Yeah, and now that I think about it, Pikachu doesn't actually learn Group Hug!


----------



## sv_01 (Oct 14, 2012)

Music Dragon said:


> Yeah, and now that I think about it, Pikachu doesn't actually learn Group Hug!


Group Hug sounds more like a Tangrowth thing... Or Regigigas. Someone who could hug everyone at once.


----------



## nothing to see here (Oct 14, 2012)

I haven't looked at this, but from what I've seen here it at least has be less dumb than the "MARIO SKINS TANOOKIS ALIVE TO MAKE HIS SUITS!" thing they did earlier.

Pokémon actually do get captured by humans and put into fights where they sometimes beat each other up pretty bad... in the games it's never anywhere near as horrible as actual cockfighting, dogfighting, etc., but "Pokémon battles = cockfighting" is a comparison that has been made before even by some fans, so at least it seems like this is a heavily-warped and exaggerated version of what actually sorta happens.  Rather than complete made-up nonsense like the Tanooki Suit thing (Mario's suits are magical things that pop out of boxes and jump around... the Tanooki Suit isn't the real skin of some critter any more than the Frog Suit is.)


----------



## Dinru (Oct 14, 2012)

DarkAura said:


> During the Ghetsis battle, he did in fact claim team plasma didn't care at all for Pokemon's well being. But at the end, after the Ash-dressed-as-a-deranged-Uncle-Sam-who-wanted-to-use-Pikachu-solely-for-getting-money-off-of-it battle, Slowpoke comes and says there's a new team called Team Plasma who fights for good.
> 
> Except that Team Plasma was already established and made and is a team that doesn't want to protect Pokemon.


I hate to sound like I'm stating the obvious, but I think that was supposed to be a joke, considering it was a Slowpoke who said it.

But yeah. The only opinion I have about this game that hasn't been said already is that, taken out of context, the costumes in this game actually look really really cool. Just in time for Halloween, too!


----------



## Skoonk (Dec 25, 2012)

The only Pokemon I can agree with PETA on is Yamask... still never going to play that.


----------



## LadyJirachu (Aug 12, 2019)

Pokemon battles are not animal cruelty. PETA is stupid.

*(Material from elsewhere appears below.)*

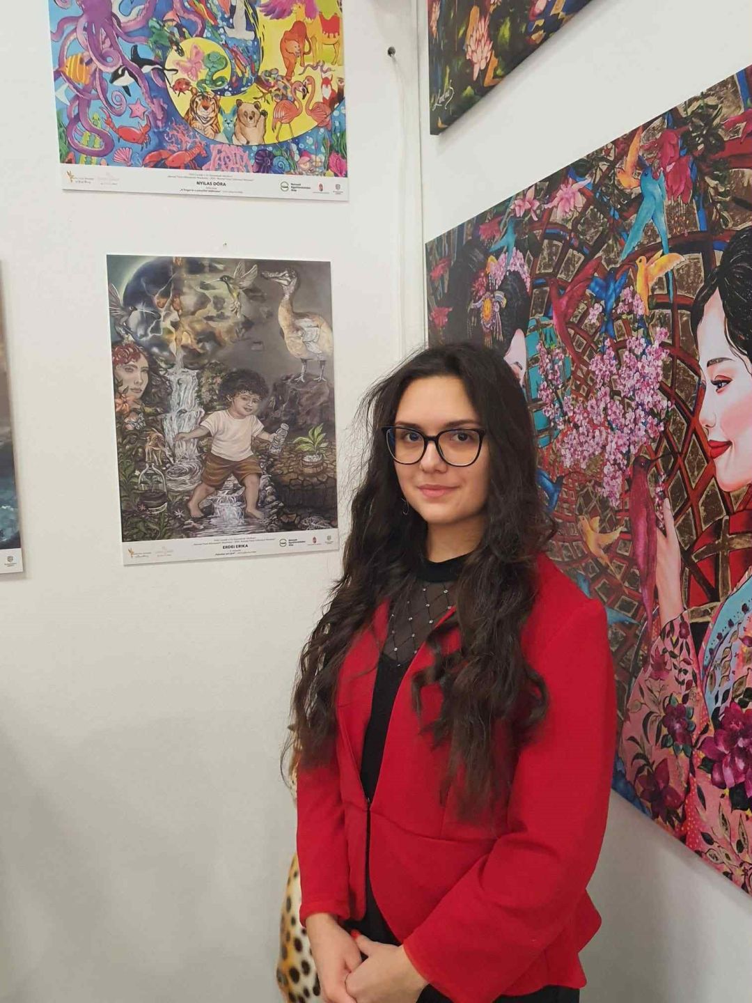 2025. december 12-én megrendezésre került a Nemzet Fiatal Művészeiért Alapítvány pályázatának díjátadó ünnepsége, amelyre én is meghívást kaptam. A tavalyi év során is megmérettettem magam a középső korosztályban, az idei évben azonban új kihívást jelentett számomra, hogy immár a 16-22 évesekből álló korosztályban kellett helytállnom, ahol már tapasztaltabb alkotókkal mérhettem össze a tudásomat. Óriási megtiszteltetés számomra, hogy több mint 400 pályázat közül a legkiemelkedőbb képek között a 2. helyet szereztem meg. Külön öröm volt számomra, hogy ebben az évben a díjkiosztó helyszínét a CarolynArt Galéria biztosította, ahol nemcsak Sávolt Karolina lenyűgöző alkotásait csodálhattam meg, hanem személyesen is találkozhattam vele és édesanyjával, Dr. Szabó Tündével. A pályamunkám a fenntarthatóság és a víz kapcsolatát dolgozza fel. A képemen azt szerettem volna megjeleníteni, hogy gyermekeink jövője rajtunk, szülőkön múlik, és azon, milyen döntéseket hozunk a mindennapokban. A kompozícióban szembeállítottam egymással a fenntartható, életet adó világot és a pusztulás felé sodródó környezetet. Ugyanakkor a kép reményt is hordoz: ha időben változtatunk szemléletünkön, még van esélyünk megmenteni a Földet, és olyan világot teremteni, melyben a következő generációk biztonságban élhetnek. Hálás vagyok Karolináéknak, amiért lehetőséget kaptam arra, hogy január végéig kiállítsák a pályamunkámat a galériában, valamint annak is, hogy a Bodó Galéria bemutatja a nyertes képeket májusban. A tanulás fontossága mellett a festészet számomra valódi kikapcsolódást jelent, ahol ki tudom a bennem rejlő érzelmeket bontakoztatni, és egy vászon felületén meg tudom ezeket jeleníteni. Minden egyes pályázaton igyekszem a legjobbat nyújtani, mivel mások szakmai visszajelzése számomra fontos, valamint megerősítenek abban, hogy folytassam a festést. Úgy gondolom a különböző pályázatok és kiállítások hatalmas motivációt jelentenek: segítenek új célokat kitűzni és folyamatosan fejlődni. Remélem, hogy a képeimmel másoknak is képes vagyok üzeneteket, érzéseket és gondolatokat átadni. Hálás vagyok mindenkinek, aki mellettem áll és támogatja az utamat!

PETA should read the anti anti pokemon section to the site that this forum belongs to. It explains things quite a lot about the 'battles' they see as 'cruel'.

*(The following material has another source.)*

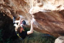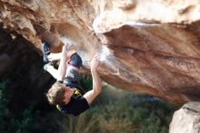 Blue Lizard Climbing and Yoga Hueco Tanks guiding, Kyle, Sam, and Sophie, on December 25, 2016

Also, Pokemon isn't even the real world. Like at all.

And....Pokemon aren't even animals. And they like battling to get stronger. And teaming up with people. Like a sports team.

PETA might as well attack people for playing sports too while they're at it LOL


----------



## JHG (Dec 5, 2021)

I actually found it pretty hilarious. The game is playable but the move names are strange enough to make Baddy Bad look ordinary. The game doesn’t even seem to have a straight message and is quite easy to beat.


----------